MATERIAL PROVIDED →
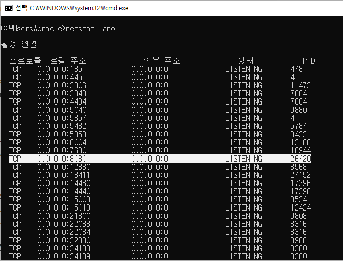 아래와 같이 26420이라는 PID(프로세스 아이디)의 프로세스가 8080 포트를 사용 중인 것을 볼 수 있다.
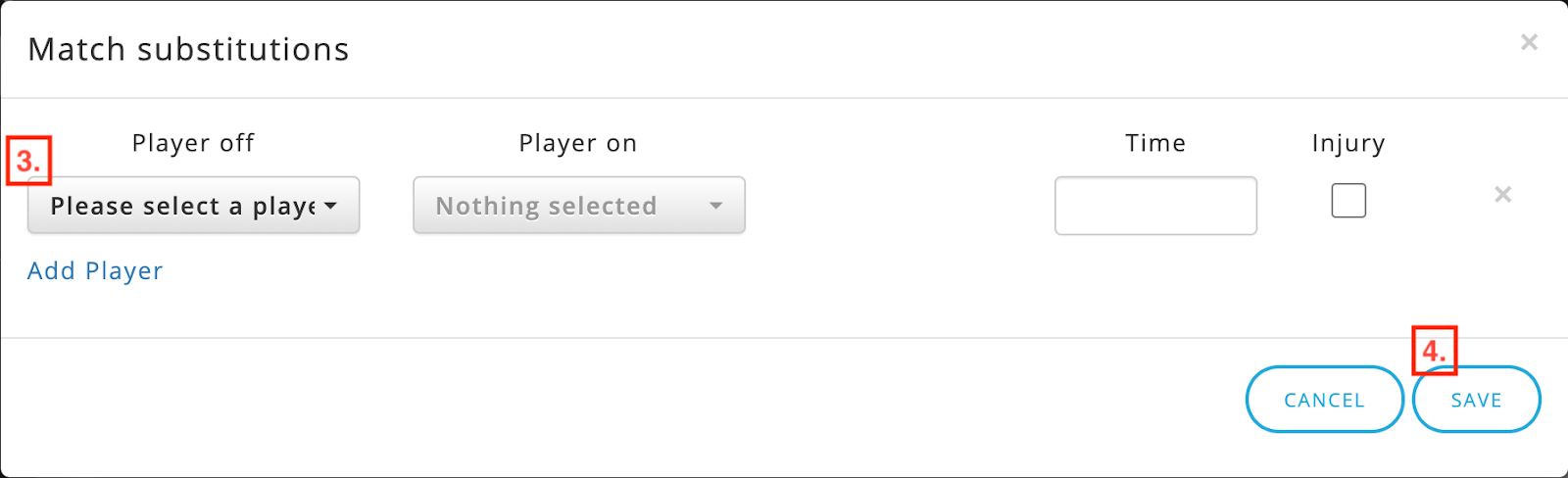 Please note: If a player is not in the dropdown list, make sure they are registered on MYSAFA and selected in the lineup.
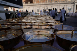 Chalices containing hosts are set on a table prior to the start of a Mass for the participants in the jubilee of ordained people with Pope Leo XIV, in St. Peter's Square, at the Vatican, Thursday, Oct. 9, 2025. (AP Photo/Gregorio Borgia)
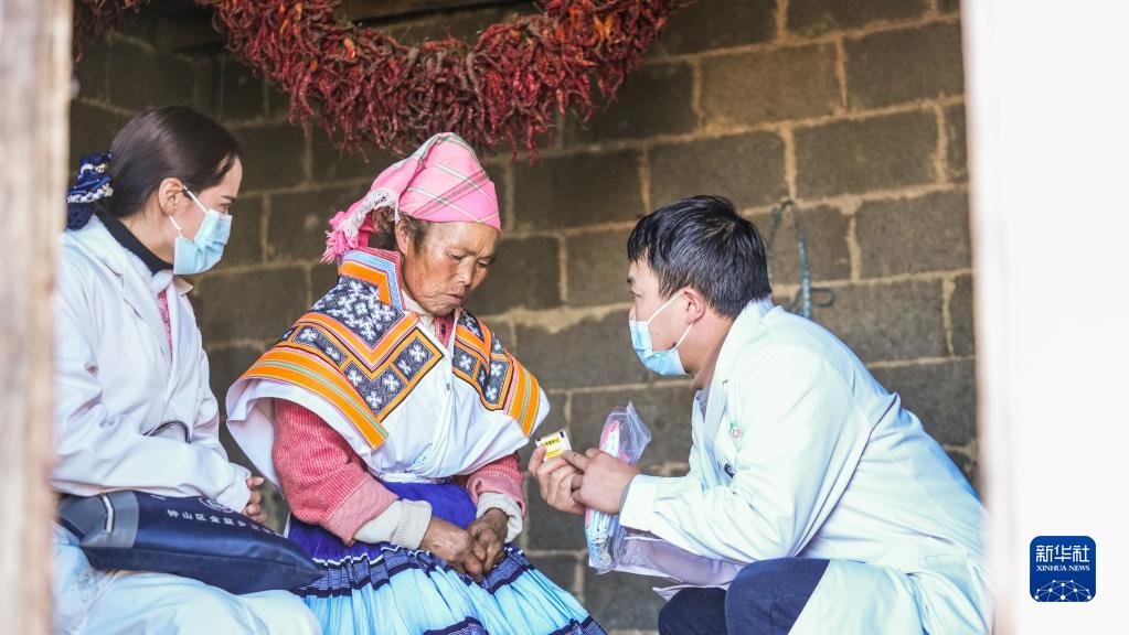 醫務(wù)工作者到六盤(pán)水市鐘山區金盆苗族彝族鄉雙塘村村民家中巡診送藥(1月6日攝)。
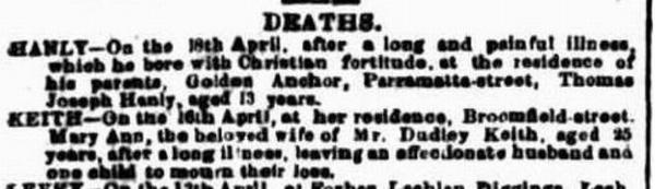 Clara and Thomas had two children (Henry Keith MILROY born 1890 died 14 May 1910 at 77 Gerard St, Alexandria, NSW) and
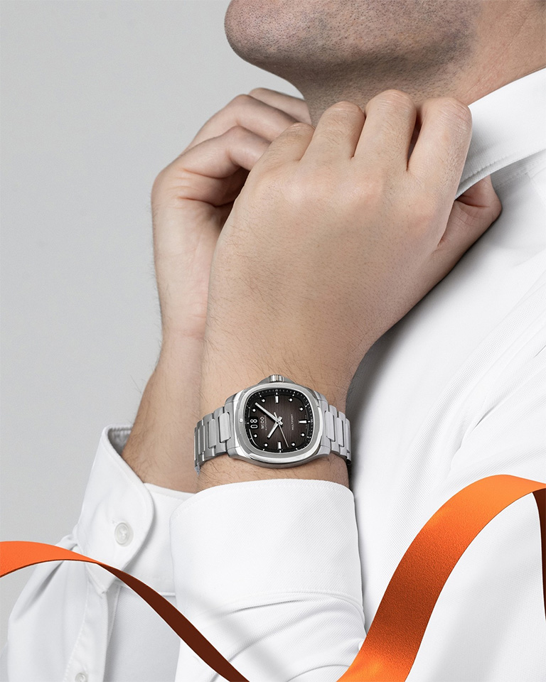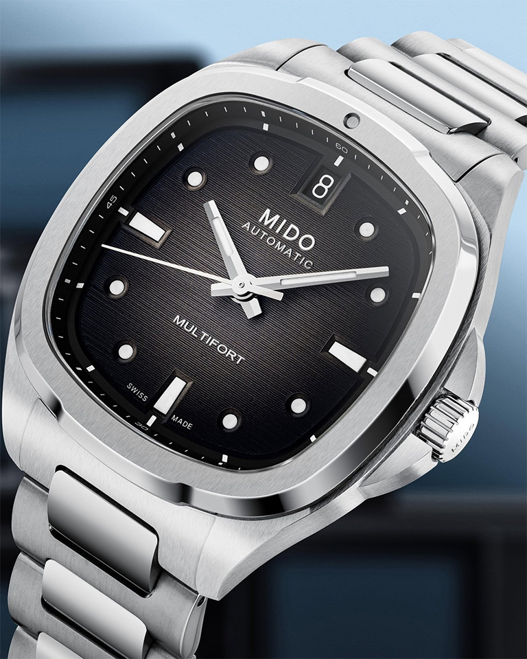 Đồng hồ MIDO MULTIFORT TV BIG DATE mang hình dáng chiếc tivi cổ ngày xưa đã được Mido ra mắt lần đầu vào năm 1973 và kể từ đó sản phẩm này trở thành biểu tượng của thời đại. Sau 50 năm, phiên bản độc đáo này lần nữa được tái xuất với hơi hướng đương đại. Mido đã nâng cao tính độc đáo của chế tác mới bằng cách thiết kế ô hiển thị ngày lớn – đó chính là ý nghĩa của chữ Big Date, kết hợp cùng mặt số được chăm chút một cách tỉ mỉ với hiệu ứng chuyển màu nhằm tạo thêm chiều sâu và độ tinh tế.
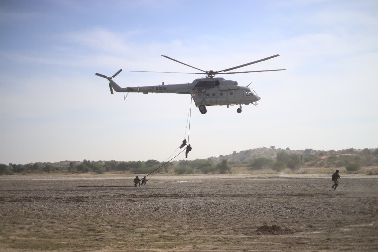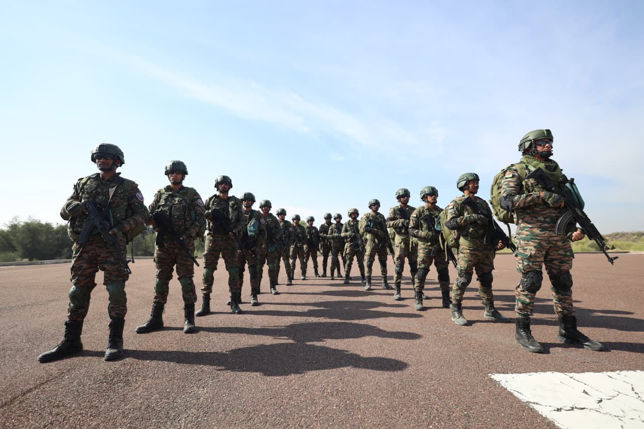 During the training, troops from both sides carried out Army Martial Arts Routine (AMAR) drills, helicopter slithering and low-hover jumps from MI-17 helicopters, along with counter-IED familiarisation through structured briefings and visits to specialised training facilities.
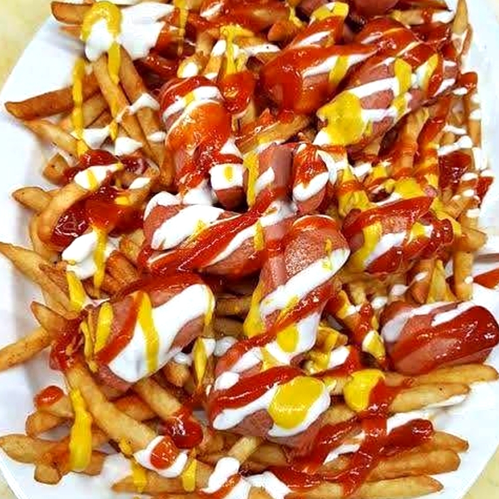 Crujientes papas acompañadas de salchichas fritas con catsup y salsa Valentina
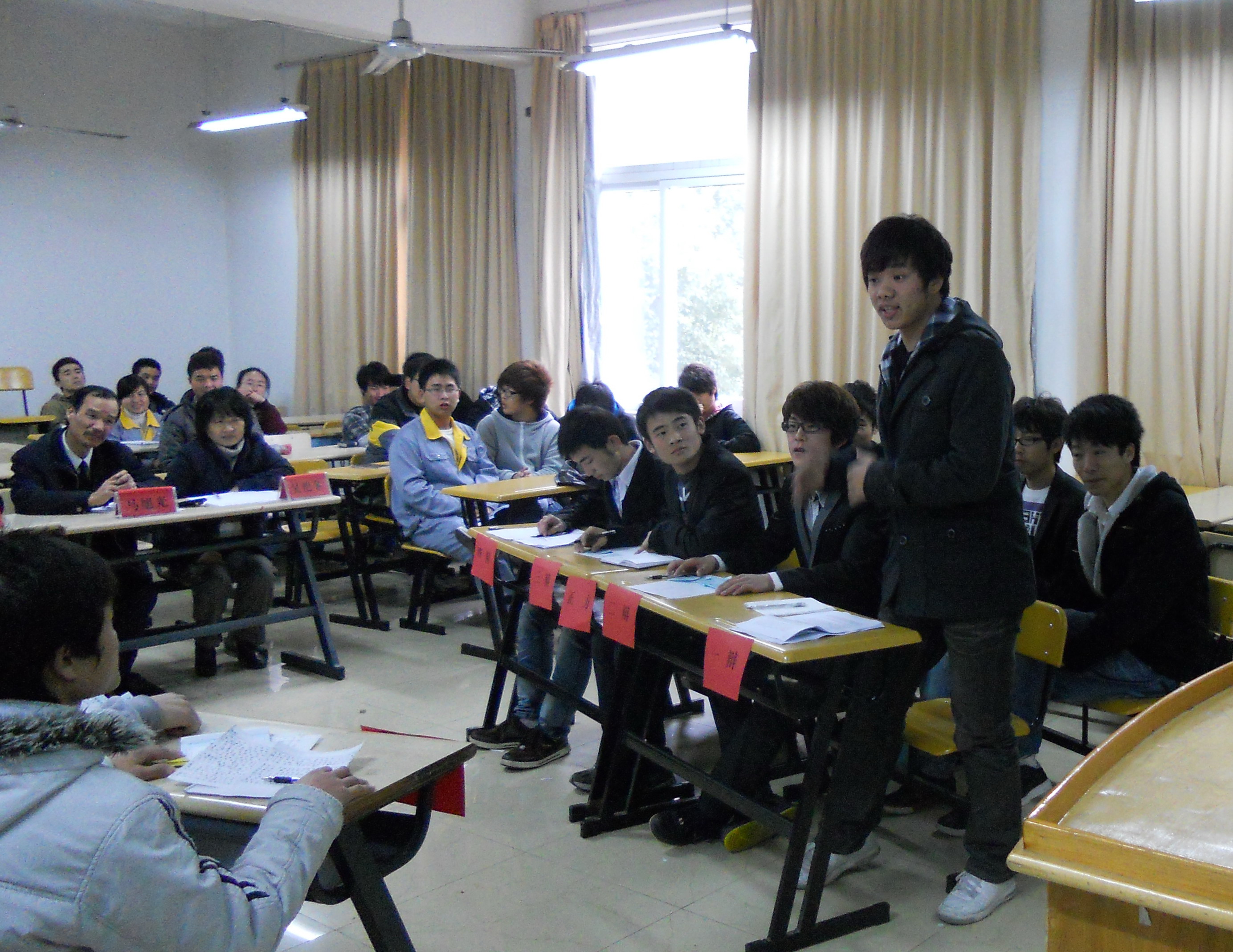 大赛继续进行,进入自由辩论环节。正方辩手们精辟的措辞,犀利的言辞,展现出咄咄逼人的气势。反方工业设计系辩手也毫不示弱。继短暂而精彩的观众提问环节后,比赛进入总结陈词环节。正反双方辩手清晰的思路和巧妙的陈词给观众留下了深刻印象。教室里响起了阵阵的掌声。接着,由观众向辩手提问环节,辩手都做出了精彩的回答。
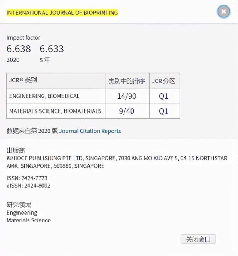 近日,科睿唯安官方发布的最新年度《期刊引证报告》(简称JCR)公布,中郁集团旗下WhiocePublishing出版社(新加坡)创办的《International Journal of Bioprinting》(以下用中文名字《国际3D生物打印》)获得了2020年JCR期刊影响因子分值高达6.638分,是全新加坡学术期刊分值最高的,在关联的两个领域均被列入Q1:在SCIE收录的Engineering, Biomedical 大类中排名第14/90位(Q1),在Materials Science, Biomaterials大类中排名9/40位(Q1)。
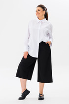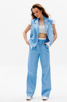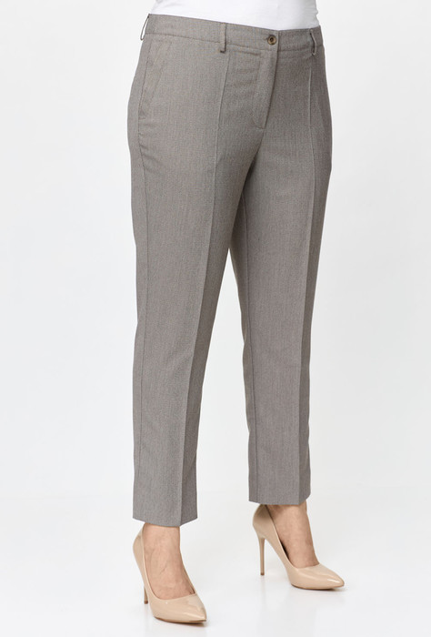 Брюки классические, из плотной текстильной ткани, прямые, слегка заужены к низу, заутюжены стрелки, по переду обработаны карманы с отрезным бочком, застежка на тесьму-молнию и 1 пуговицу. На задних половинках обработаны вытачки и имитация карманов в рамку с двумя обтачками, пояс в брюках притачной, без резинки.По низу брюк в боковом шве есть небольшой разрез. Длина брюк от талии по боковому шву 96 см.
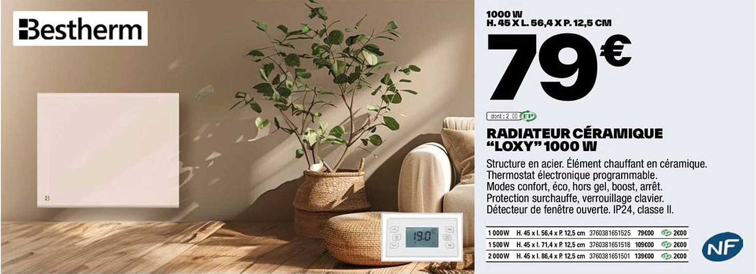 Découvrez dès maintenant la offre RADIATEUR CÉRAMIQUE "LOXY" 1000 W dans le catalogue de Brico Dépôt. Cette offre est valable du 02/10/2024 au 09/10/2024.

EXERCISE →
Your copy should repeat each entry above exactly but contain no pictures.

SOLUTION TO THE EXERCISE →
 아래와 같이 26420이라는 PID(프로세스 아이디)의 프로세스가 8080 포트를 사용 중인 것을 볼 수 있다.
 Please note: If a player is not in the dropdown list, make sure they are registered on MYSAFA and selected in the lineup.
 Chalices containing hosts are set on a table prior to the start of a Mass for the participants in the jubilee of ordained people with Pope Leo XIV, in St. Peter's Square, at the Vatican, Thursday, Oct. 9, 2025. (AP Photo/Gregorio Borgia)
 醫務(wù)工作者到六盤(pán)水市鐘山區金盆苗族彝族鄉雙塘村村民家中巡診送藥(1月6日攝)。
 Clara and Thomas had two children (Henry Keith MILROY born 1890 died 14 May 1910 at 77 Gerard St, Alexandria, NSW) and
 Đồng hồ MIDO MULTIFORT TV BIG DATE mang hình dáng chiếc tivi cổ ngày xưa đã được Mido ra mắt lần đầu vào năm 1973 và kể từ đó sản phẩm này trở thành biểu tượng của thời đại. Sau 50 năm, phiên bản độc đáo này lần nữa được tái xuất với hơi hướng đương đại. Mido đã nâng cao tính độc đáo của chế tác mới bằng cách thiết kế ô hiển thị ngày lớn – đó chính là ý nghĩa của chữ Big Date, kết hợp cùng mặt số được chăm chút một cách tỉ mỉ với hiệu ứng chuyển màu nhằm tạo thêm chiều sâu và độ tinh tế.
 During the training, troops from both sides carried out Army Martial Arts Routine (AMAR) drills, helicopter slithering and low-hover jumps from MI-17 helicopters, along with counter-IED familiarisation through structured briefings and visits to specialised training facilities.
 Crujientes papas acompañadas de salchichas fritas con catsup y salsa Valentina
 大赛继续进行,进入自由辩论环节。正方辩手们精辟的措辞,犀利的言辞,展现出咄咄逼人的气势。反方工业设计系辩手也毫不示弱。继短暂而精彩的观众提问环节后,比赛进入总结陈词环节。正反双方辩手清晰的思路和巧妙的陈词给观众留下了深刻印象。教室里响起了阵阵的掌声。接着,由观众向辩手提问环节,辩手都做出了精彩的回答。
 近日,科睿唯安官方发布的最新年度《期刊引证报告》(简称JCR)公布,中郁集团旗下WhiocePublishing出版社(新加坡)创办的《International Journal of Bioprinting》(以下用中文名字《国际3D生物打印》)获得了2020年JCR期刊影响因子分值高达6.638分,是全新加坡学术期刊分值最高的,在关联的两个领域均被列入Q1:在SCIE收录的Engineering, Biomedical 大类中排名第14/90位(Q1),在Materials Science, Biomaterials大类中排名9/40位(Q1)。
 Брюки классические, из плотной текстильной ткани, прямые, слегка заужены к низу, заутюжены стрелки, по переду обработаны карманы с отрезным бочком, застежка на тесьму-молнию и 1 пуговицу. На задних половинках обработаны вытачки и имитация карманов в рамку с двумя обтачками, пояс в брюках притачной, без резинки.По низу брюк в боковом шве есть небольшой разрез. Длина брюк от талии по боковому шву 96 см.
 Découvrez dès maintenant la offre RADIATEUR CÉRAMIQUE "LOXY" 1000 W dans le catalogue de Brico Dépôt. Cette offre est valable du 02/10/2024 au 09/10/2024.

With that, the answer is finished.